When you SSH to a host and want the fastest possible "is this box healthy?" — paste this:

echo "=== HOSTNAME ===" ; hostname
echo "=== NICs ===" ; ibv_devices
echo "=== Link states ===" ; ibstat | grep -E "CA |State:"
echo "=== PFC + ECN ===" ; sudo mlnx_qos -i mlx5_0 | grep -A1 "PFC config"
echo "=== Source rules ===" ; ip rule show | grep -E "100[0-9][0-9]"
echo "=== nvidia_peermem ===" ; lsmod | grep nvidia_peermem
echo "=== Link errors (should be 0) ===" ; \
for n in mlx5_0 mlx5_1 mlx5_2 mlx5_3; do \
echo "$n link_downed: $(cat /sys/class/infiniband/$n/ports/1/counters/link_downed 2>/dev/null)"; \
done

Green = all NICs PORT_ACTIVE, PFC enabled on priority 3, source rules present, nvidia_peermem loaded, link_downed=0 across the board.

If anything is red, walk back through the corresponding section above before running workloads.


What you should bookmark

If you remember nothing else, these are the snippets worth pinning:

  1. Confirm RoCE is on the wire

    ibv_devinfo -d mlx5_0 | grep -E 'link_layer|active_mtu|state'
  2. The two-minute health check (section 15 above) — paste it on every fresh host.

  3. NCCL production env block

    export NCCL_IB_GID_INDEX=3
    export NCCL_IB_TC=106
    export NCCL_IB_SL=5
    export NCCL_IB_QPS_PER_CONNECTION=16
    export NCCL_CROSS_NIC=0
    export NCCL_SOCKET_IFNAME=bond0
  4. Counter pre/post diff (section 9) — the cleanest way to attribute symptoms to a workload.

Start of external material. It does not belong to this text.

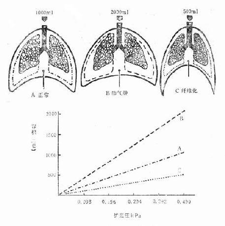 3.肺气肿 由于肺泡壁破坏,弹力组织减少,故静态顺应性增加;但肺气肿时,由于肺弹性减弱,对支气管环状牵曳力也减弱,病变部位支气管常易塌陷甚而闭锁,以致肺单位充气不均,出现动态肺顺应性减低。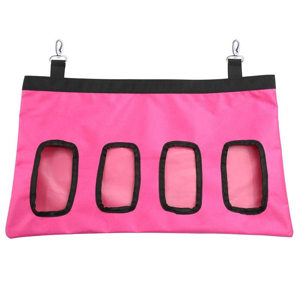 Keep hay fresh, dry, and easily accessible for your small pet with this durable Hanging Hay Storage Bag. Made from waterproof 600D Oxford cloth, this feeder helps prevent hay wastage and keeps your pet's hutch tidy. Suitable for rabbits, guinea pigs, chinchillas, hamsters, and other small animals. The bag features two metal hooks for secure cage attachment and adjustable nylon straps for a perfect fit. Choose from two sizes: two-hole (34x24x1cm) or four-hole (45x27x1cm) to suit your pet's needs. Easy to clean and fill, this hay bag is a must-have for any small pet owner.

  5. Lossless config one-liner

    sudo mlnx_qos -i mlx5_0 --trust dscp --pfc 0,0,0,1,0,0,0,0 --prio_tc 0,0,0,3,0,0,0,0
    echo 1 | sudo tee /sys/class/net/mlx5_0/ecn/roce_np/enable/3 \
    /sys/class/net/mlx5_0/ecn/roce_rp/enable/3
    sudo ethtool -G mlx5_0 rx 8192 tx 8192
  6. Source-based routing for one rail

    sudo ip route add 10.0.0.0/16 via 10.0.0.1 dev enp1s0f0 table 101
    sudo ip rule add from 10.0.0.10 lookup 101 priority 10010
    sudo sysctl -w net.ipv4.conf.all.arp_ignore=2 \
    net.ipv4.conf.all.arp_announce=1 \
    net.ipv4.conf.all.rp_filter=2
  7. Throughput sanity test

    # server
    ib_send_bw -d mlx5_0 -R -F -D 30
    # client
    ib_write_bw -d mlx5_0 -R -b -F -x 3 -q 16 -s 131072 -t 512 -D 30 \
    --report_gbits --bind_source_ip=10.0.0.10 <server_ip>
  8. The canonical lossless chain

    DSCP 26 → Priority 3 → TC 3 → Lossless Queue (PFC + ECN)
  9. Counters that mean "stop, investigate now"

    rp_cnp_ignored > 0 → DCQCN tuning bug
    req_rnr_retries_exceeded > 0 → QP died
    req_transport_retries_exceeded > 0 → QP died
    link_downed > 0 → bad optic/cable
  10. What confirms RoCE v2 specifically (vs IB or RoCE v1):

    • link_layer: Ethernet in ibv_devinfo
    • GID slot 3 = ::ffff:<your_ipv4> with type RoCE v2
    • tcpdump 'udp port 4791' captures traffic at line rate during a benchmark

That's the whole single-page reference. Walk the sections top-to-bottom on an unfamiliar host and you'll have a full operational picture in 5 minutes. Walk the troubleshooting recipes when something's wrong and you'll usually find the answer before you have to escalate.